Part 18 (1/2)
”Yes, it's me,” he answered cheerily. ”I certainly didn't think that I should ever get an appointment in your country.”
”But how is it?” I cried, after I had explained to my mother how we had been chums at Wadham.
”I never thought you'd go in for the Church.”
”Nor did I,” he admitted, laughing. ”But I'm curate of Duddington, and this is my first visit to your mother. I had no idea that this was your home. There are many Cleeves, you know.”
He was a merry, easy-going fellow, this old college companion of mine, a veritable giant in stature, fair, with a long, drooping moustache that a cavalry officer might have envied, broad shouldered, burly, a magnificent type of an Englishman. As he stood there towering above me, he looked strangely out of place in his long, black coat and clerical collar. An officer's uniform would have suited him better.
I had left Oxford a couple of terms before he had, and on going abroad lost sight of him. He had been accredited by all as a coming man on account of his depth of learning. When I had last seen him, some six years before, he was living in Lincoln's Inn, and reading for the Bar.
I referred to that occasion when we had met in the Strand, and he replied--
”Yes, but I preferred the Church.

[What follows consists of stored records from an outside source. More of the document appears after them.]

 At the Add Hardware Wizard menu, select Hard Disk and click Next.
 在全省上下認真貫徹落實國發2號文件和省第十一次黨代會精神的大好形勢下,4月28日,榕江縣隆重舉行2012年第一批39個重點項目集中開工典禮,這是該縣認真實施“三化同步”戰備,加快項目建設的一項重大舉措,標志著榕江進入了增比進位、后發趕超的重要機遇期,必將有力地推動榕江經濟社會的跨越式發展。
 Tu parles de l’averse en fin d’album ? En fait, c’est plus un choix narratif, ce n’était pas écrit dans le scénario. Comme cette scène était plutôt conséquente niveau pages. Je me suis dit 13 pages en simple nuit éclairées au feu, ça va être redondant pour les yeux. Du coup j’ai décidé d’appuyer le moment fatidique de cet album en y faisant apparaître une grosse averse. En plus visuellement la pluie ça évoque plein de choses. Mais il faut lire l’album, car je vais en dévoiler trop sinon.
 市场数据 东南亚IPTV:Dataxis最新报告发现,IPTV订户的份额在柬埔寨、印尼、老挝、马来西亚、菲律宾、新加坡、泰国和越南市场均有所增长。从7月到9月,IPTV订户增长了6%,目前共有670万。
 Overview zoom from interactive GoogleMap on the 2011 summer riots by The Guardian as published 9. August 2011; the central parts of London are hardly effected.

My uncle, you know, is Bishop of Galway.”
Then I recollected that such was the case. He had no doubt been induced to go in for a clerical life by this relative. Maternal uncles are responsible for a good deal in shaping a man's career.
”Well, you're always welcome to Tixover, my dear old fellow,” I said, ”and I'm sure my mother will always be very pleased to see you.”

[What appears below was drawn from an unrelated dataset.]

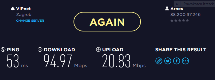 sedaj sem se priključil v službi na arnesovo mrežo in deluje vse doma zmage nisem odprel arnes pa.
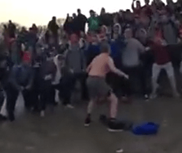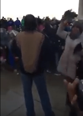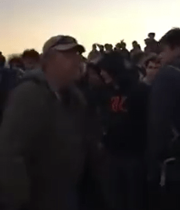 A group of CC step in between the Philips and the HB, and approach them. They want to hear and read their message. Hearing the cussing, there is anger. A coach, or teacher, asks the CC several times to back up.

”Of course,” she said, smiling sweetly. ”Any friend of Clifton's is always welcome here. I hope you won't treat us formally, Mr Yelverton, but look in and see us whenever you can spare time.”
Yelverton thanked her warmly, and as I took my tea I began to chat about the parish, about the shortcomings of his predecessor, an abominable young prig who lisped, flirted outrageously, thought of nothing but tennis, and whose sermons were distinct specimens of oratorical rubbish.
To all the countryside he was known as ”Mother's darling,” an appellation earned by the fact that his mother, a fussy old person, used to live with him and refer to him as her ”dear boy.”
But Jack Yelverton was of an entirely different stamp--a manly, good-humoured, even-tempered fellow who had no ”side,” and whose face and figure showed him to be designed as a leader among men. At college he had been noted for his careful judgment, his close and diligent studies of abstruse subjects, and his remarkable grasp of things which even the Dons found difficult. Yet he was an inveterate practical joker, and more than once got into an ugly sc.r.a.pe, from which, however, he always managed to ingeniously wriggle out.
I was extremely glad to find my old friend installed in Duddington, for during the years that had pa.s.sed I had often wondered what had become of him. More than once poor Roddy, who had been one of us at Wadham, had expressed a wish that we could find him, for we had all three been closest friends in the old days. And yet he had actually been appointed our curate and spiritual adviser, and had come to visit Tixover without knowing it was my home.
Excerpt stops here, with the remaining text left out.